Она кормила малышку, и молчаливые слезы лились из ее давно потухших глаз, а потом сидела с ней спящей на руках, не решаясь пошевелиться, и тупо смотрела на стену с грязными и повисшими лохмотьями обоями. Почему же так вышло? Хотелось бросить все, обо всем забыть и убежать из этой тесной неубранной квартиры, спрятать голову у мамы в коленях, снова стать маленькой и не думать о том, где взять денег Чибиусе на новую обувь, ни о том, что Чиби-Чиби так плохо прибавляет в весе, и детский врач рекомендовал докармливать ее смесью, а хорошая смесь стоит так дорого…
Вот к примеру, Рей, что приходила к ней — ей точно ни о чем такой думать не приходилось сроду. Ни тогда, ни сейчас…
Усаги все-таки заставила себя встать. Переложила спящую и вздрагивающую во сне кроху в кроватку, постучалась к соседке. Было уже пять часов, и Чибиуса, наверняка, опять начнет ныть, что ее забирают последней. Но что ей делать? Хорошо, что соседка, милая девушка-студентка, оказалась дома. Она собиралась становиться учительницей, и поэтому в свободное время с удовольствием возилась с Чибиусой. Может, оттачивала на ней какие-то педагогические приемчики?
Воспользовавшись свободной минуткой, Усаги налила себе холодного чаю — у нее никогда не получалось есть нормально — и начала перебирать фотографии, что принесла ей Рей в прошлый раз. Усаги тогда в спешке заложила их в старый фотоальбом, а потом забыла. А сейчас альбом попался ей на глаза. Он был старым, в потрескавшейся обложке, с которой давно облупилась аппликация в виде зайки. Усаги забрала альбом во взрослую жизнь еще с родительского дома, а фото в нем начинались и того раньше — когда ей еще было пятнадцать. Усаги перевернула страницу. Вот здесь она, кажется, закончила восьмой класс. А здесь у нее день рождения, и мама подарила ей настоящее первое «взрослое» платье. А это…

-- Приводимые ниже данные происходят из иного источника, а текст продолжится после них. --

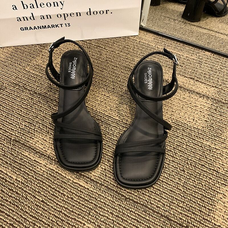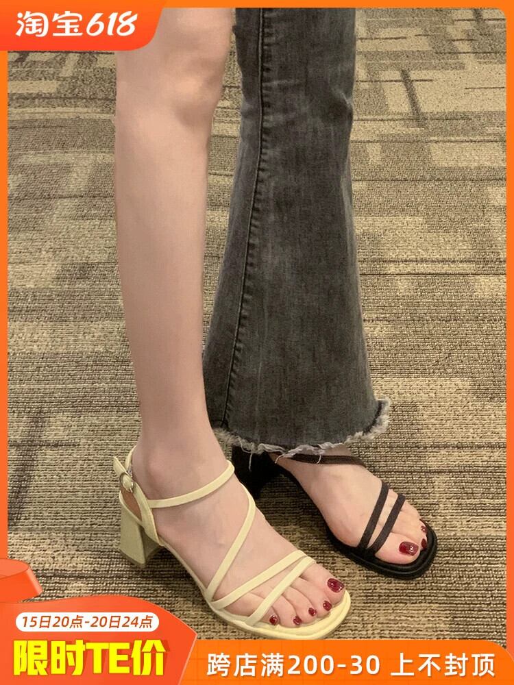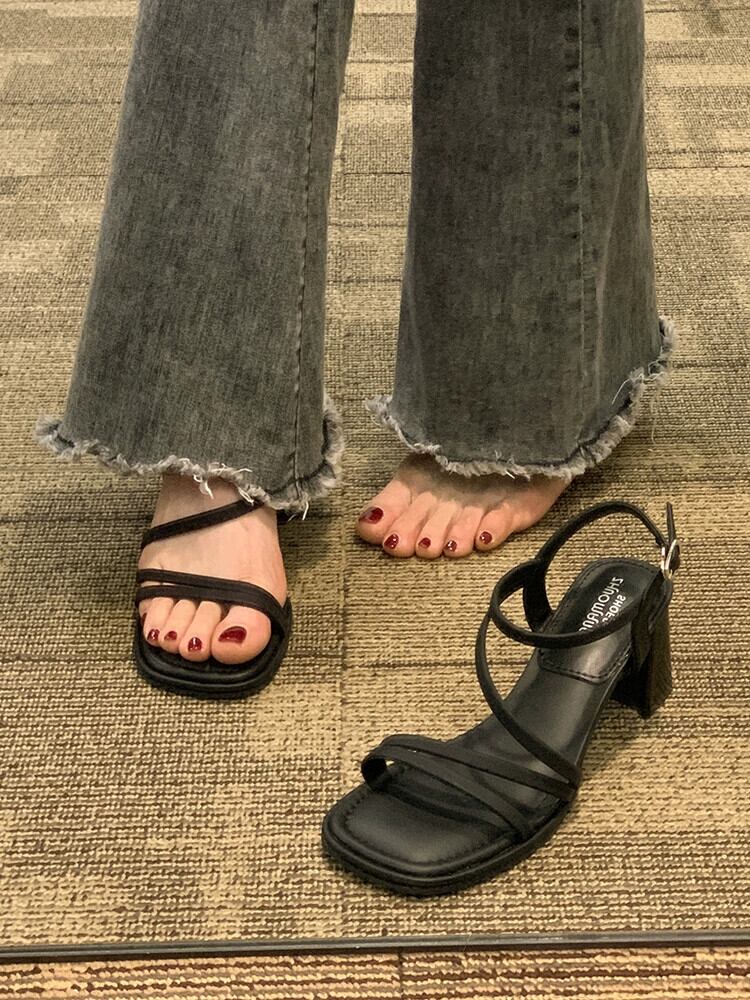 厚底サンダルレディース 2023 夏の新作ファッションオールマッチフレンチレトロな気質セレブ一言ハイヒールシューズ 靴 サマー 夏物 jxjxf49708942811
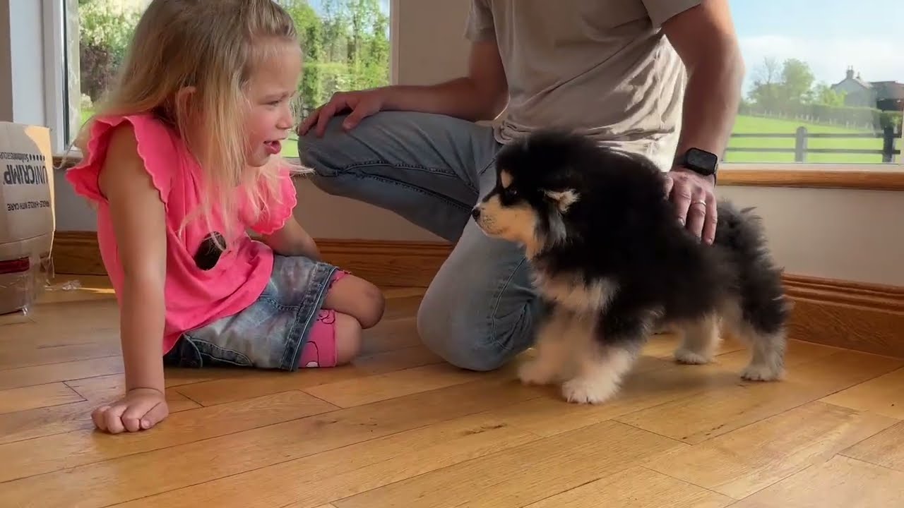 Herzerwärmender Moment – ein kleines Mädchen trifft zum ersten Mal auf einen flauschigen Malamute-Welpen, während die Welt stillzustehen scheint, Blicke sich treffen, und ein unbeschreibliches Band entsteht 🐶💖 – Wer hätte gedacht, dass ein Augenblick voller Staunen, Lachen und purer Freude eine Verbindung schaffen könnte, die stärker ist als jede Sprache?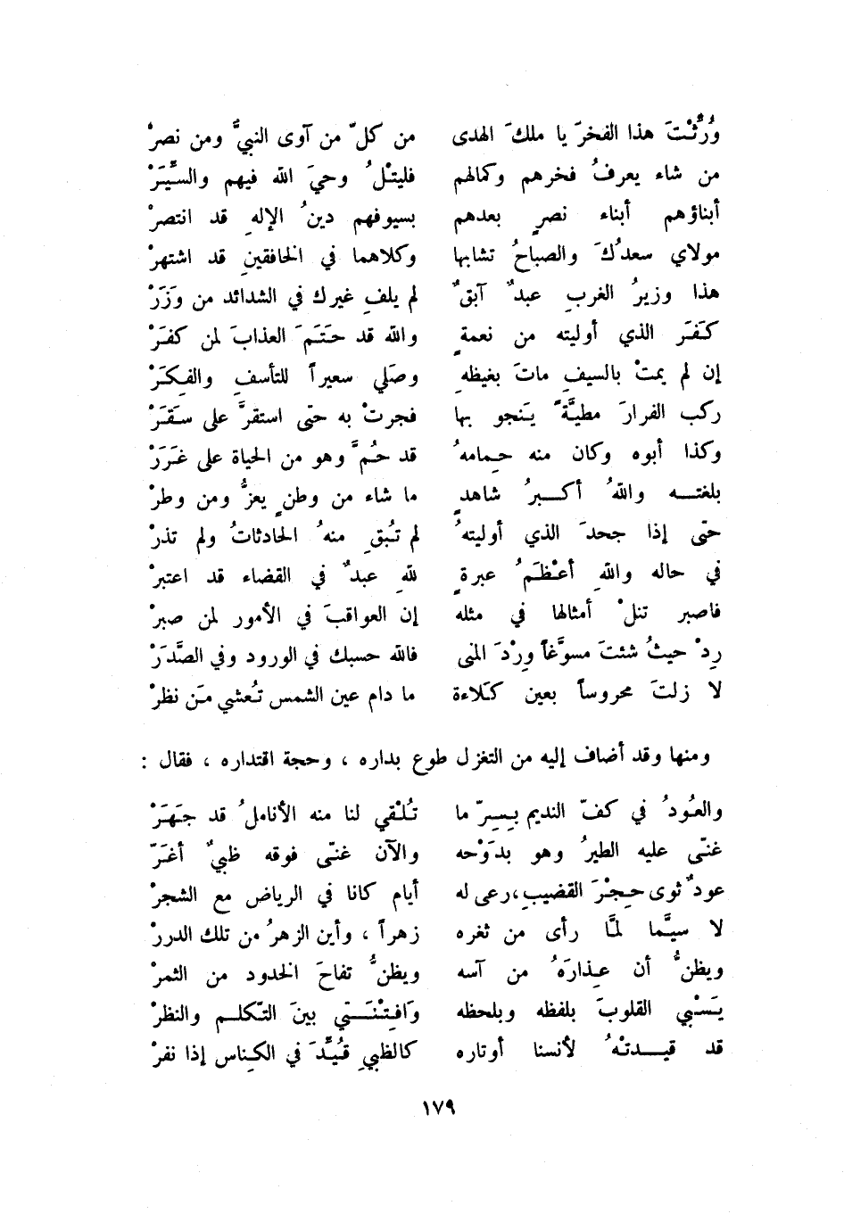 لا زلت محروساً بعين كلاءة ... ما دام عين الشمس تعشي من نظر ومنها وقد أضاف إليه من التغزل طوع بداره، وحجة اقتداره، فقال: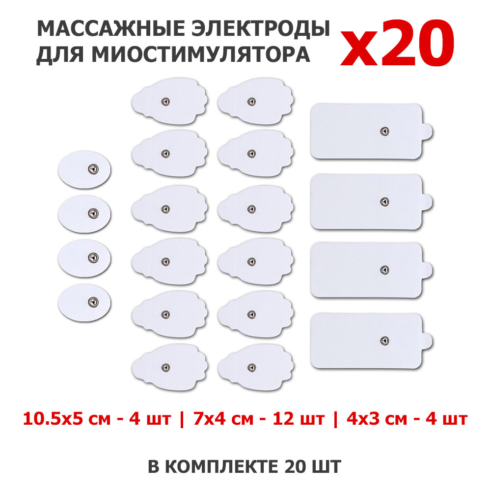 Электроды массажные EMS-120PL для миостимулятора, 10.5х5/7х4/4х3 см, 20 шт, универсальные интересное: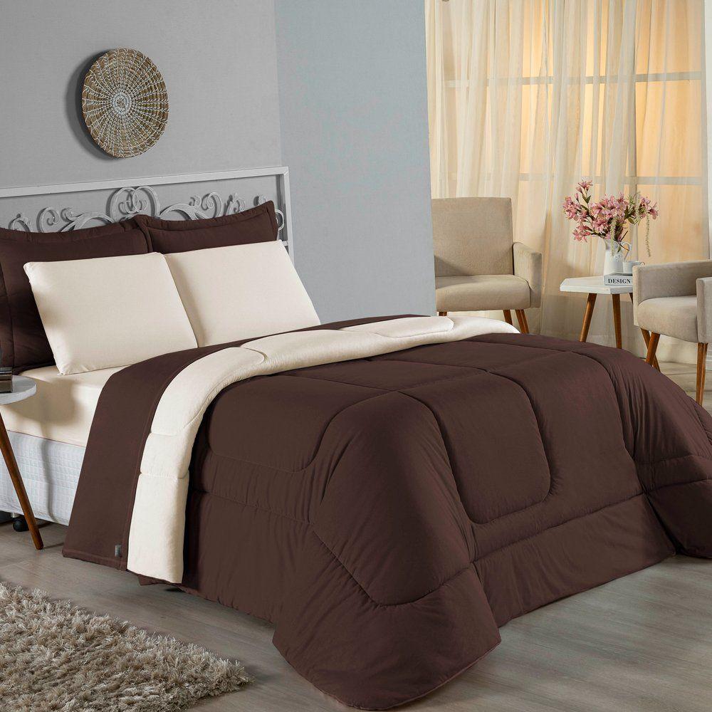 Edredom Solteiro Nobre 1 Peça Dupla Face 1,60m X 2,40m Malha 100% Algodão - Marrom / Palha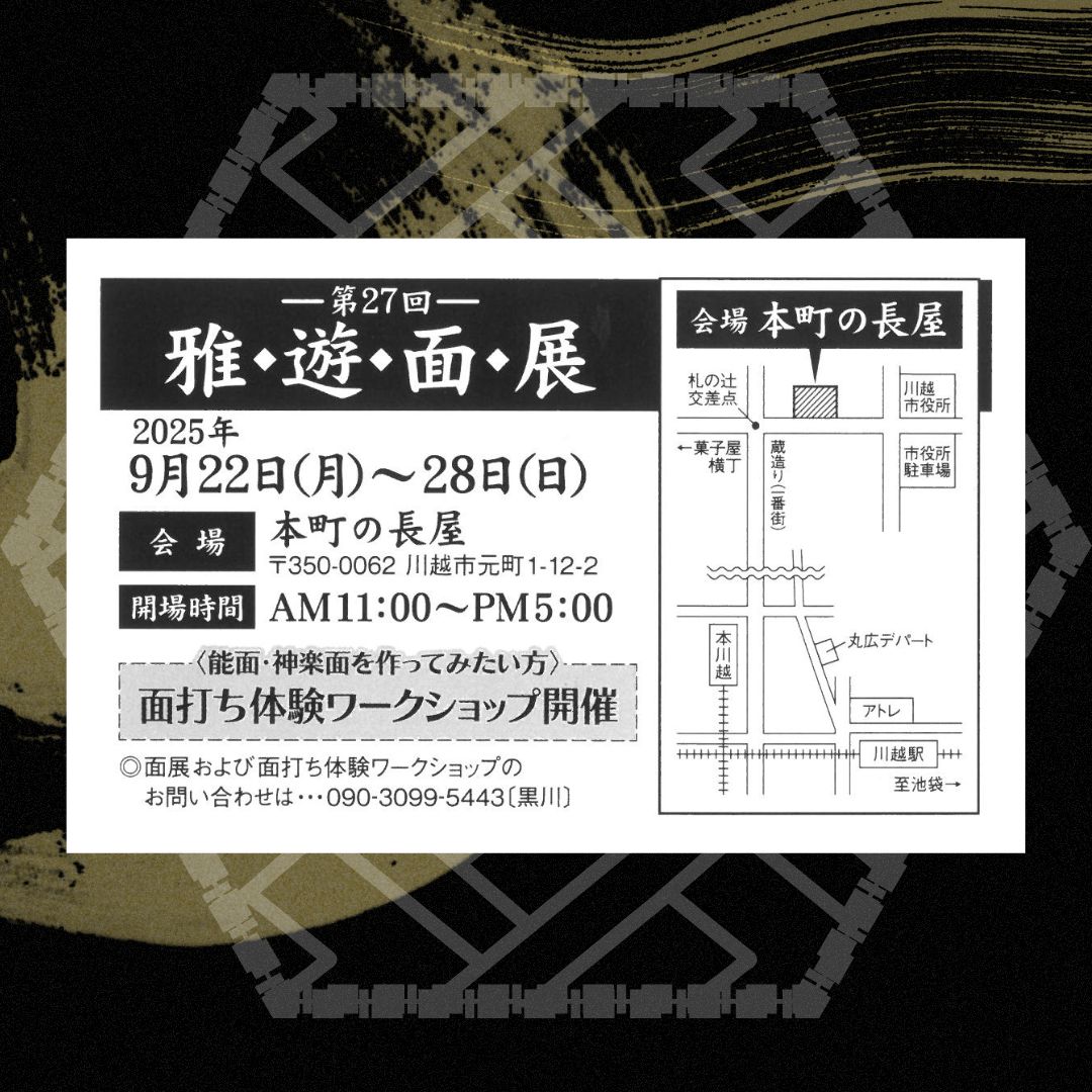 能面・神楽面の展示に加え、面打ち体験も実施される貴重な企画が川越・本町の長屋にて開催されます✨伝統芸能の美と技に触れる、秋の文化体験をぜひお楽しみください🍁
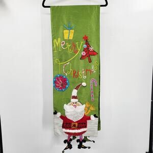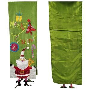 Merry Christmas Santa Themed Wall Banner Table Runner Embroidered Holiday Decor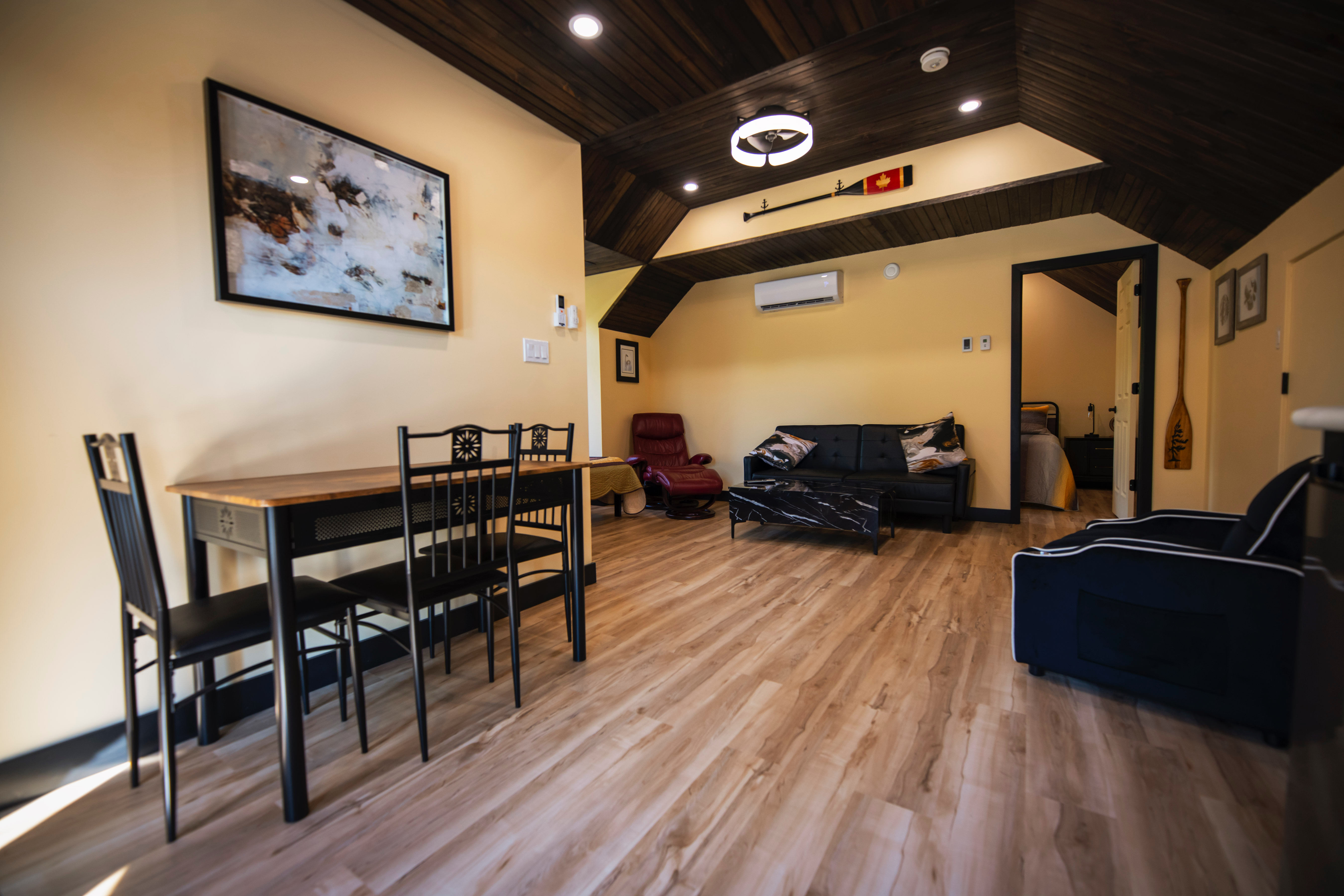 Open living area: Queen pullout couch + Queen bed-in-a-box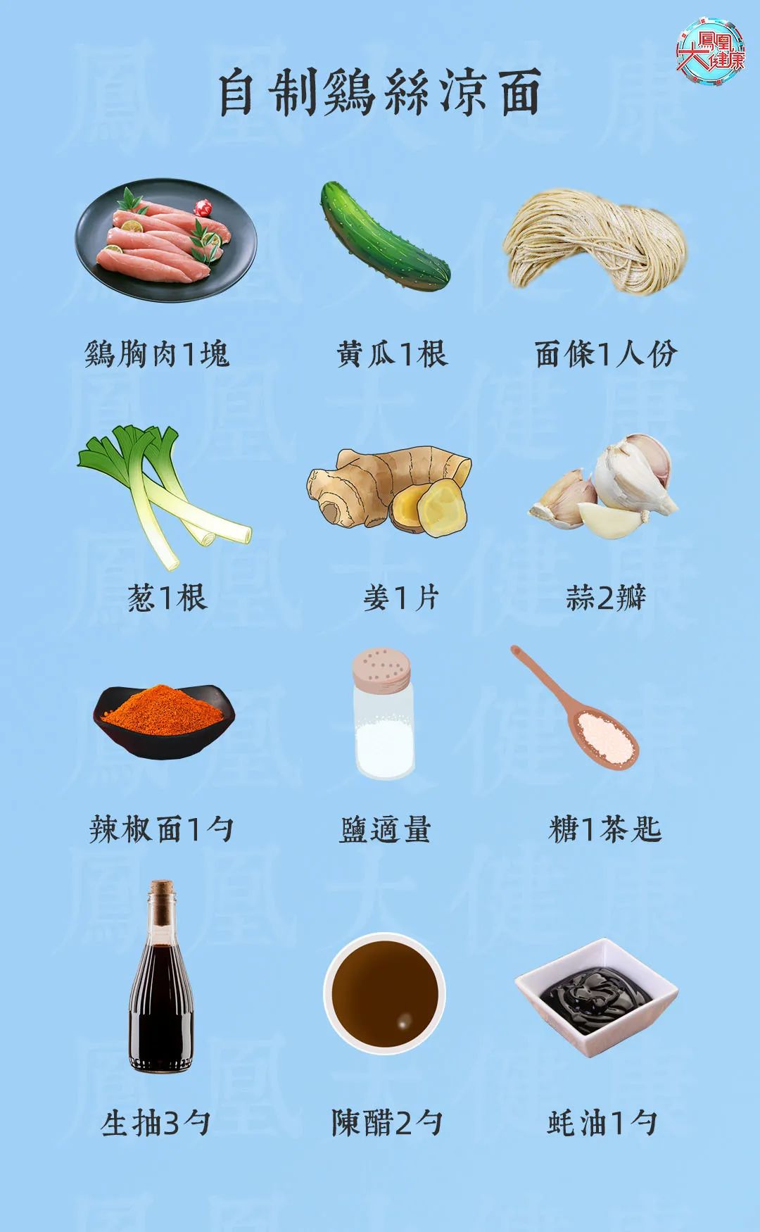 【用料】鸡胸肉1块,黄瓜1根,面条1东谈主份,葱1根,姜1片,蒜2瓣,辣椒面1勺,盐适量,糖1茶匙,生抽3勺,陈醋2勺,白砂糖适量,蚝油1勺,料酒1勺,白芝麻适量

Усаги осторожно вытащила снимок из прозрачного кармашка. Старый снимок. Пять девочек, она сама стоит и улыбается в центре. Над их головами безоблачное небо, на всех лицах — озорные, открытые улыбки. Жизнь еще вся впереди и мир прекрасен — они все начинающие актрисы и певицы, что прошли многотысячный кастинг на роли в мюзикле по популярнейшей манге «Прекрасная воительница Сейлор-Мун». И у нее, у Усаги Цукино главная роль. Чудесное время, полное репетиций, поездок, выступлений… На два года они стали теми, кого однажды придумала Наоко, и они действительно появились на земле, воины в матросках… Слава, поклонники. И самые лучшие в мире подруги.
Подруги… Ее подруги.
Усаги усмехнулась горько, отвела с лица упавшую прядь волос, отложила снимок в сторону. Взяла еще один. Здесь только девочки, она сама сфотографировала их во время одних из первых гастролей. Как же она давно их всех не видела! Вот оно — самое настоящее счастье, они рядом, словно ожившие героини знаменитой манги, они воплотились, жили жизнью своих героинь. И никто еще не знает, что же их ждет…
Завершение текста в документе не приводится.